▶ **ACTIVITY**:
From the line that contains "周三,美国全国汽油平均价格为3.62美元,比一个月前上涨0.23美元。" to the end of the entries, write out every line exactly, including both ends, and nothing more.

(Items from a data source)
********************

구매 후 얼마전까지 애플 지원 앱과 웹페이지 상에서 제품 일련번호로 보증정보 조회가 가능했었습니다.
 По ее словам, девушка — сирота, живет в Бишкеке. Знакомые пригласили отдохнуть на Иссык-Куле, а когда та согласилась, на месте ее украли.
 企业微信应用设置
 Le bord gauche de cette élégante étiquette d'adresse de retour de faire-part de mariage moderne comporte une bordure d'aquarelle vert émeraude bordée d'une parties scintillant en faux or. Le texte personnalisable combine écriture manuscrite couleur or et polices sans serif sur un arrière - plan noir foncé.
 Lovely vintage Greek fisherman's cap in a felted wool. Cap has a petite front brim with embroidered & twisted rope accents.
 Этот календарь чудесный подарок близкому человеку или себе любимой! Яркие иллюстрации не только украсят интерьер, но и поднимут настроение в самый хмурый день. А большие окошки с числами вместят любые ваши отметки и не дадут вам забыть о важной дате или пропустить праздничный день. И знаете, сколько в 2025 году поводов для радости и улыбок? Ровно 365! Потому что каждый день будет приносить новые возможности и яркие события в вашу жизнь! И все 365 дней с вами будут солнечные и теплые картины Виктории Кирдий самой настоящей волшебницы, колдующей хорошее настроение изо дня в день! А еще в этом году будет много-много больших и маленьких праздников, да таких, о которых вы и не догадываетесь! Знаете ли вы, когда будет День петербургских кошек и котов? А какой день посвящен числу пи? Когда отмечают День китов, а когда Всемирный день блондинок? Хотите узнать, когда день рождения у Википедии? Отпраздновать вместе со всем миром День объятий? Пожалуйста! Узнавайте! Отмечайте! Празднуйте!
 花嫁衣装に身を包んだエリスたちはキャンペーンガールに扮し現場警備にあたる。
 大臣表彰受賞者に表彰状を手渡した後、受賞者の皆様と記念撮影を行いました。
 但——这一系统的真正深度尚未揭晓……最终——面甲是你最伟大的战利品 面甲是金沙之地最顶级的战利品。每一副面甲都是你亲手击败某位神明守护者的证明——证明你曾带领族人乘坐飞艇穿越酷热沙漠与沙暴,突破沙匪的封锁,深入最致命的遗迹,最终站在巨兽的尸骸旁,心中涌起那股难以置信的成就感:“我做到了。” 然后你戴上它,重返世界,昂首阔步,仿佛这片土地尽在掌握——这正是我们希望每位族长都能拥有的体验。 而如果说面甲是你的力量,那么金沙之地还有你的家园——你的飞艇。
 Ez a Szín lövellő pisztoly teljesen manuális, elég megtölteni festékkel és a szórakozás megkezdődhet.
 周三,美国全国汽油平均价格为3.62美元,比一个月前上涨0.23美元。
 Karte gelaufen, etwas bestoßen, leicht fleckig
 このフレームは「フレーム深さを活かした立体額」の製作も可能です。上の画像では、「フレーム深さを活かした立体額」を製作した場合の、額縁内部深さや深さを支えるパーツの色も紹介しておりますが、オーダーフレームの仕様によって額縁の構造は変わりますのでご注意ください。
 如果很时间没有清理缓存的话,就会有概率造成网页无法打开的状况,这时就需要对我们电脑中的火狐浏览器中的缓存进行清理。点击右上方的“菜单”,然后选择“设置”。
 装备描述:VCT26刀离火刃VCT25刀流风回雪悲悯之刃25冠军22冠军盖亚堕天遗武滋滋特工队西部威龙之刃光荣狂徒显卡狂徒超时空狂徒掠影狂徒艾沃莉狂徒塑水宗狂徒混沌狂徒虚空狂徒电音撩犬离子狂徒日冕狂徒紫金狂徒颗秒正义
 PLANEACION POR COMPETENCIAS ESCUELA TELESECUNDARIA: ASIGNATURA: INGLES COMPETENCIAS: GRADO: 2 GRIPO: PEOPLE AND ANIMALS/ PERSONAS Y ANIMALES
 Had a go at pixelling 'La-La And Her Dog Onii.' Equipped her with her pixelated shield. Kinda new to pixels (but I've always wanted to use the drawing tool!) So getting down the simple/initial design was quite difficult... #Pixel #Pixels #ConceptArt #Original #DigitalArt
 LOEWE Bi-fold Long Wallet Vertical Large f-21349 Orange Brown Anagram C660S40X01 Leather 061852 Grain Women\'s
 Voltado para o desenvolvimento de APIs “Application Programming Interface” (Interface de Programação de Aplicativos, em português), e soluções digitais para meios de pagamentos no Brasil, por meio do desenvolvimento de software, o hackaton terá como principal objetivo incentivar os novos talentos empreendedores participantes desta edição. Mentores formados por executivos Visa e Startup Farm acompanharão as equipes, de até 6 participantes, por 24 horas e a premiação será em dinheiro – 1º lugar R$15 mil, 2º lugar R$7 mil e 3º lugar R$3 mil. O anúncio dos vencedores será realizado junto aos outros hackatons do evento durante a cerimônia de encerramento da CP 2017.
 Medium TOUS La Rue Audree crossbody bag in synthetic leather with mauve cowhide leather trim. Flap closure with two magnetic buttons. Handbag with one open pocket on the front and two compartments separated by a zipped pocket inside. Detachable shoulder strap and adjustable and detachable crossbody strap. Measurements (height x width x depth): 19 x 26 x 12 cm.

********************

▶ **WRITTEN SOLUTION**:
 周三,美国全国汽油平均价格为3.62美元,比一个月前上涨0.23美元。
 Karte gelaufen, etwas bestoßen, leicht fleckig
 このフレームは「フレーム深さを活かした立体額」の製作も可能です。上の画像では、「フレーム深さを活かした立体額」を製作した場合の、額縁内部深さや深さを支えるパーツの色も紹介しておりますが、オーダーフレームの仕様によって額縁の構造は変わりますのでご注意ください。
 如果很时间没有清理缓存的话,就会有概率造成网页无法打开的状况,这时就需要对我们电脑中的火狐浏览器中的缓存进行清理。点击右上方的“菜单”,然后选择“设置”。
 装备描述:VCT26刀离火刃VCT25刀流风回雪悲悯之刃25冠军22冠军盖亚堕天遗武滋滋特工队西部威龙之刃光荣狂徒显卡狂徒超时空狂徒掠影狂徒艾沃莉狂徒塑水宗狂徒混沌狂徒虚空狂徒电音撩犬离子狂徒日冕狂徒紫金狂徒颗秒正义
 PLANEACION POR COMPETENCIAS ESCUELA TELESECUNDARIA: ASIGNATURA: INGLES COMPETENCIAS: GRADO: 2 GRIPO: PEOPLE AND ANIMALS/ PERSONAS Y ANIMALES
 Had a go at pixelling 'La-La And Her Dog Onii.' Equipped her with her pixelated shield. Kinda new to pixels (but I've always wanted to use the drawing tool!) So getting down the simple/initial design was quite difficult... #Pixel #Pixels #ConceptArt #Original #DigitalArt
 LOEWE Bi-fold Long Wallet Vertical Large f-21349 Orange Brown Anagram C660S40X01 Leather 061852 Grain Women\'s
 Voltado para o desenvolvimento de APIs “Application Programming Interface” (Interface de Programação de Aplicativos, em português), e soluções digitais para meios de pagamentos no Brasil, por meio do desenvolvimento de software, o hackaton terá como principal objetivo incentivar os novos talentos empreendedores participantes desta edição. Mentores formados por executivos Visa e Startup Farm acompanharão as equipes, de até 6 participantes, por 24 horas e a premiação será em dinheiro – 1º lugar R$15 mil, 2º lugar R$7 mil e 3º lugar R$3 mil. O anúncio dos vencedores será realizado junto aos outros hackatons do evento durante a cerimônia de encerramento da CP 2017.
 Medium TOUS La Rue Audree crossbody bag in synthetic leather with mauve cowhide leather trim. Flap closure with two magnetic buttons. Handbag with one open pocket on the front and two compartments separated by a zipped pocket inside. Detachable shoulder strap and adjustable and detachable crossbody strap. Measurements (height x width x depth): 19 x 26 x 12 cm.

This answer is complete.